Visited the Exhibition on my way home from the Court. The new rooms are most splendid, and several good pictures. The Institution has subsisted but five years, and it is astonishing how much superior the worst of the present collection are to the teaboard-looking things which first appeared. John Thomson, of Duddingston, has far the finest picture in the Exhibition, of a large size—subject Dunluce, a ruinous castle of the Antrim family, near the Giant’s Causeway, with one of those terrible seas and skies which only Thomson can paint. Found Scrope there improving a picture of his own, an Italian scene in Calabria. He is, I think, greatly improved, and one of the very best amateur painters I ever saw—Sir George Beaumont scarcely excepted. Yet, hang it, I do except Sir George.
I would not write to-day after I came home. I will not say could not, for it is not true; but I was lazy; felt the desire far niente, which is the sign of one’s mind being at ease. I read The English in Italy,[161] which is a clever book.

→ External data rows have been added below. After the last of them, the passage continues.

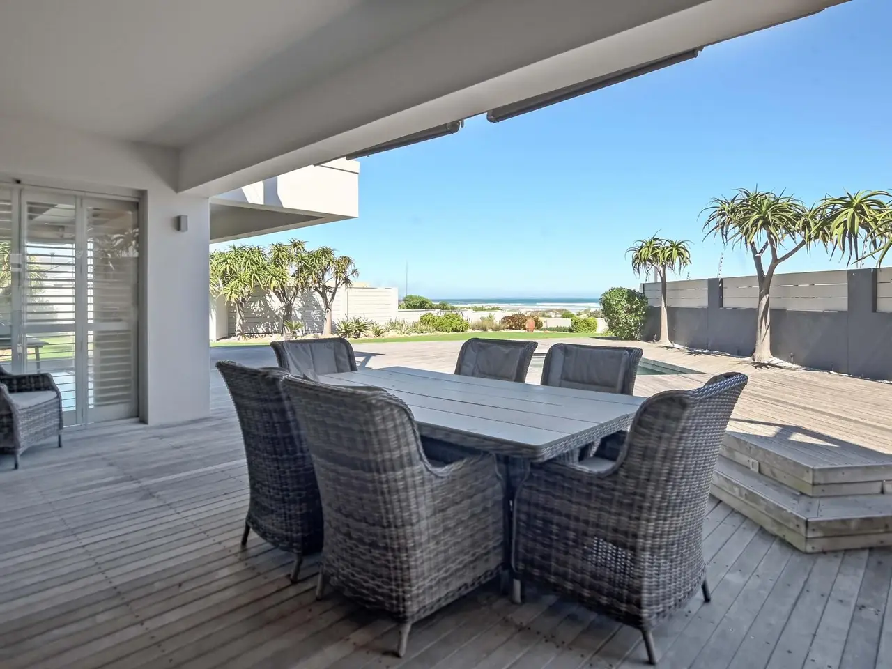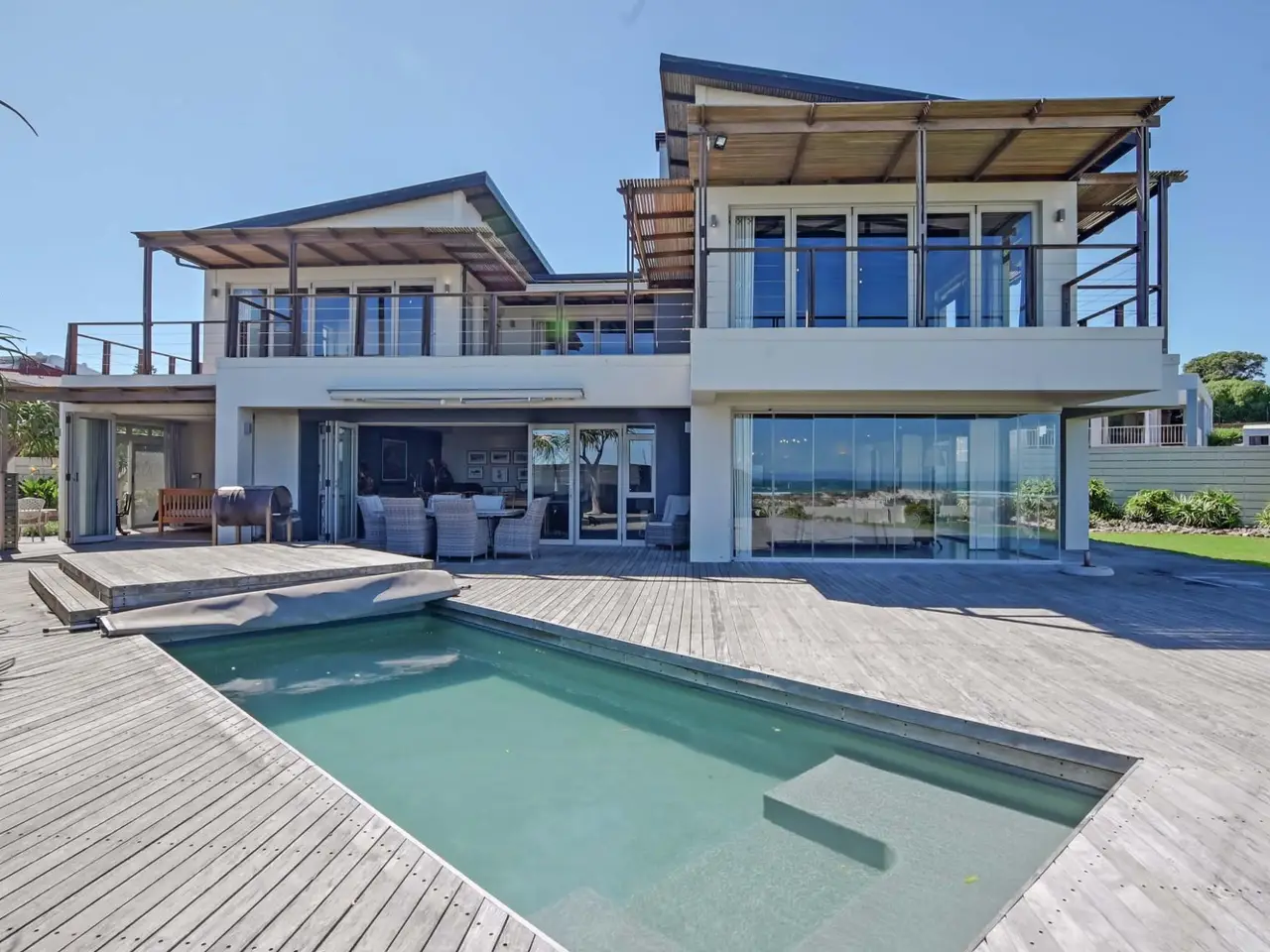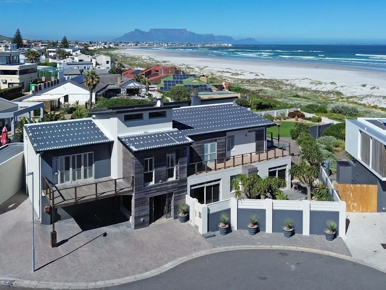 A Coastal Masterpiece in Melkbos Positioned directly on the beachfront, this double-storey villa captures uninterrupted views of the Atlantic Ocean with Table Mountain as its backdrop. Nestled in an exclusive cul-de-sac, it offers both privacy and prestige in one of Melkbosstrand's most sought-after locations. Sophisticated Living Floor-to-ceiling glass defines the architecture, seamlessly drawing the ocean and mountain into the home from every angle. Natural light floods the open-plan interiors, while expansive lounges and a formal dining area flow effortlessly into an indoor braai. Whether entertaining or relaxing, every moment is framed by sweeping views. Private Accommodation Six en-suite bedrooms provide comfort and seclusion. On the ground floor, two generous suites open directly to the garden, ideal for guests or multi-generational living. Upstairs, the master suite captivates with panoramic views and a must-see walk-in closet, while the remaining bedrooms share a stylish lounge and large balcony overlooking the ocean. Outdoor Elegance Stacking glass doors dissolve the boundary between indoors and out, opening onto a landscaped garden, sparkling pool, and an expansive Balau deck set directly against the beach. Here, uninterrupted sunsets and the rhythm of the waves define a lifestyle of year-round coastal living. Key Features Six en-suite bedrooms Pool with Balau deck directly against the beach Double garage plus secure additional parking Indoor braai Gourmet kitchen with walk-in pantry, scullery, and utility areas Well-point water system & three-phase power Exclusive beachfront position in a private cul-de-sac This residence is more than a home - it is one of Melkbosstrand's most exceptional beachfront properties, a true signature of prestige and a legacy to be treasured for generations.
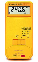 7-600 多用表可安全、自動地測量交流電壓、直流電壓、電阻和通斷性。使用簡單,是真正的“傻瓜表”。7-600“傻瓜表”的自動選擇功能使電力環(huán)境下的電壓測試變得非常簡單。在測量歐姆/通斷性時,如果輸入插孔上的電壓高于4.5V(有意或無意),多用表則會自動切換至交流或直流電壓測量功能,這取決于是交流電壓大還時直流電壓大。其輸入阻抗大約為2k歐姆,可以幫助用戶判斷電壓是來自漏泄還是硬連接。在所有測量模式下都提供過載保護(hù)。
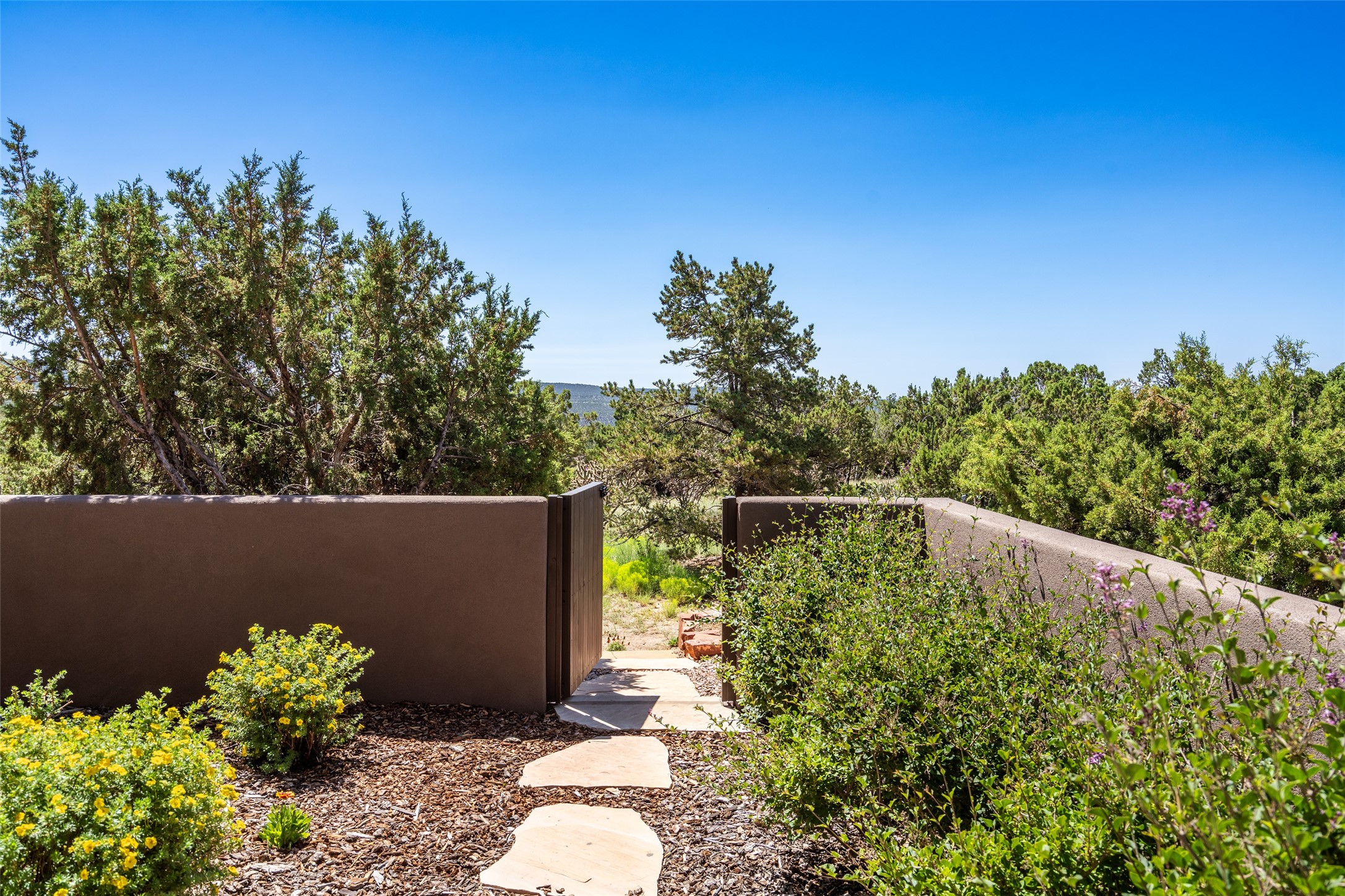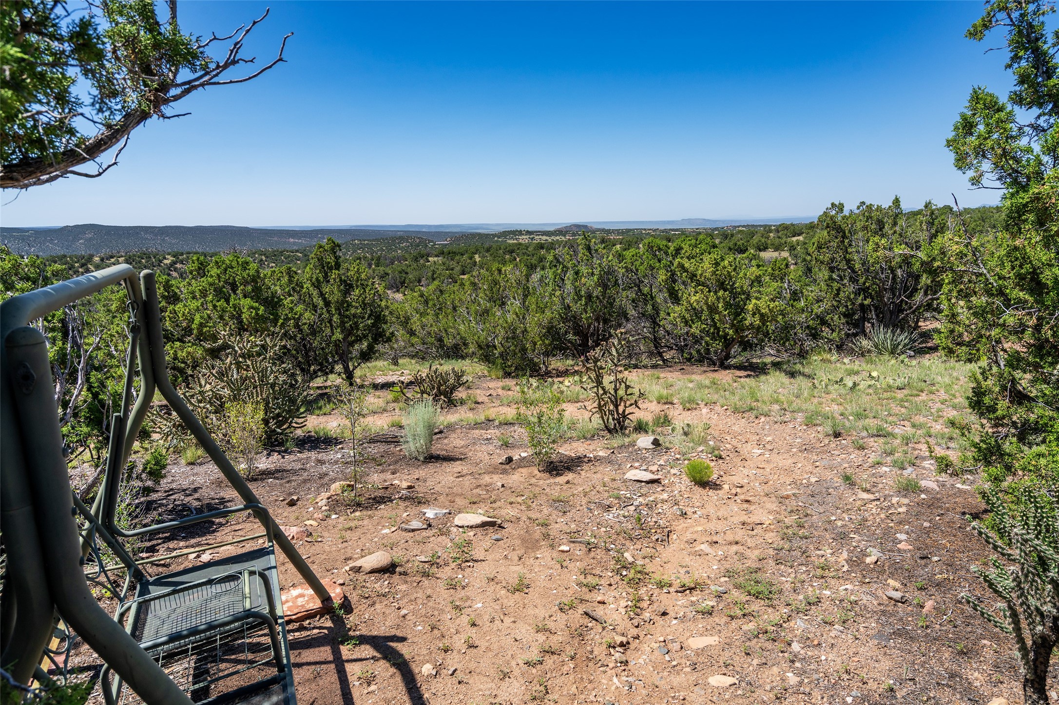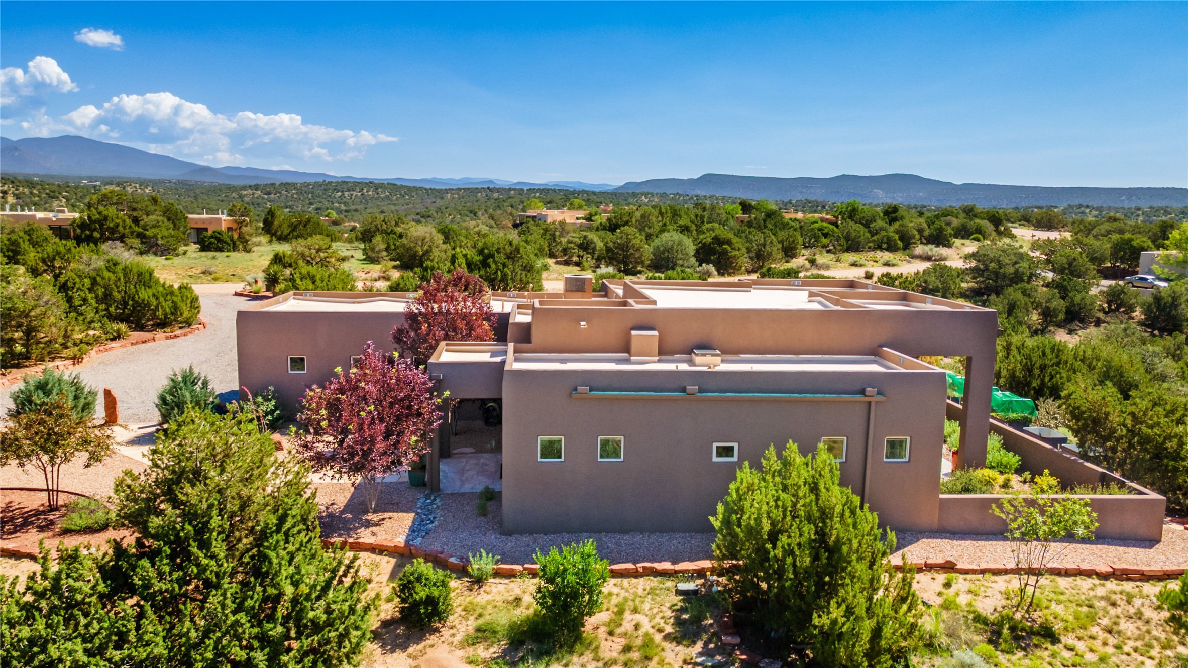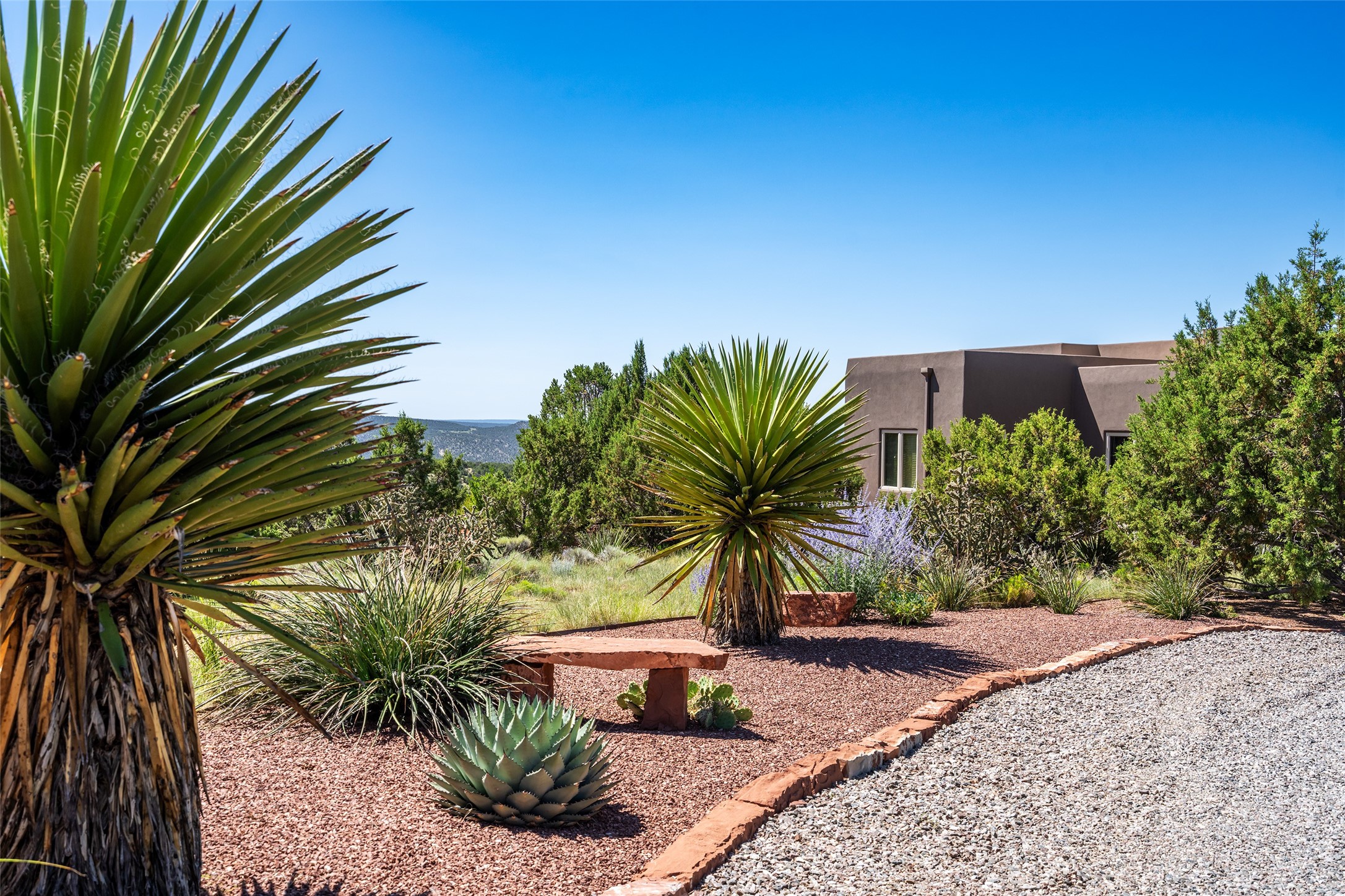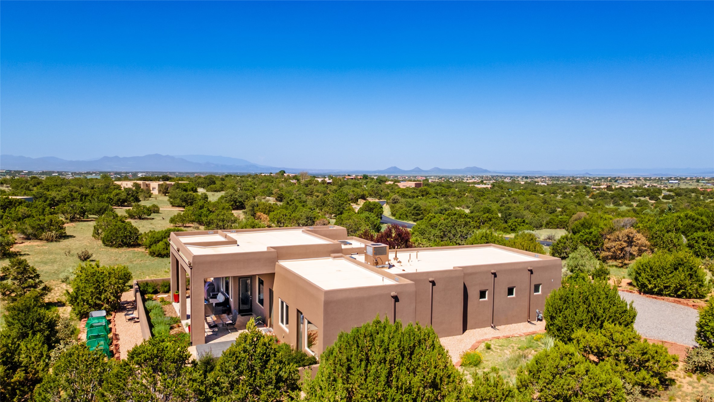 Perched high in The Ridges, a prestigious subdivisionbordering Eldorado greenspace and nearby conveniences,this stunning 3-bedroom, 2-bath home blends modern Southwestern design with serene high-desert living. Thoughtfully situated on 4.08 acres, the home features an open-concept layout that seamlessly connects the kitchen, dining, and living areas, ideal for entertaining or quiet enjoyment. The corner gas fireplace and overhead vigas add coziness andwarmthand expansive picture windows frame breathtaking panoramic views flooding the interior with natural light. Step outside to a spacious covered portal surrounded by an enclosed courtyard, perfect for morning coffee or evening gatherings under the stars. Themature, xeriscape landscaping is enhanced by a drip irrigation system, and a meandering pathwayleads to peaceful secluded areasto take in the fiery sunsetsof the Galisteo Basin and the morning sun rising over theSangre de Cristo Mountains.A dedicated artist's studio, complete with water and storage space, offers a private haven for creativity or a flexible bonus space.The oversized owner'ssuite features a separate tub and shower with walk-in closet, and you will love the finished over size garage with workshop! This is more than a home; it'sa private retreat that captures the essence of Santa Fe living!

Byron used to kick and frisk more contemptuously against the literary gravity and slang than any one I ever knew who had climbed so high. Then, it is true, I never knew any one climb so high; and before you despise the eminence, carrying people along with you, as convinced that you are not playing the fox and the grapes, you must be at the top. Moore told me some delightful stories of him. One was that while they stood at the window of Byron’s Palazzo in Venice, looking at a beautiful sunset, Moore was naturally led to say something of its beauty, when Byron answered in a tone that I can easily conceive, “Oh! come, d—n me, Tom, don’t be poetical.” Another time, standing with Moore on the balcony of the same Palazzo, a gondola passed with two English gentlemen, who were easily distinguished by their appearance. They cast a careless look at the balcony and went on. Byron crossed his arms, and half stooping over the balcony said, “Ah! d—n ye, if ye had known what two fellows you were staring at, you would have taken a longer look at us.” This was the man, quaint, capricious, and playful, with all his immense genius. He wrote from impulse, never from effort; and therefore I have always reckoned Burns and Byron the most genuine poetical geniuses of my time, and half a century before me. We have, however, many men of high poetical talent, but none, I think, of that ever-gushing and perennial fountain of natural water.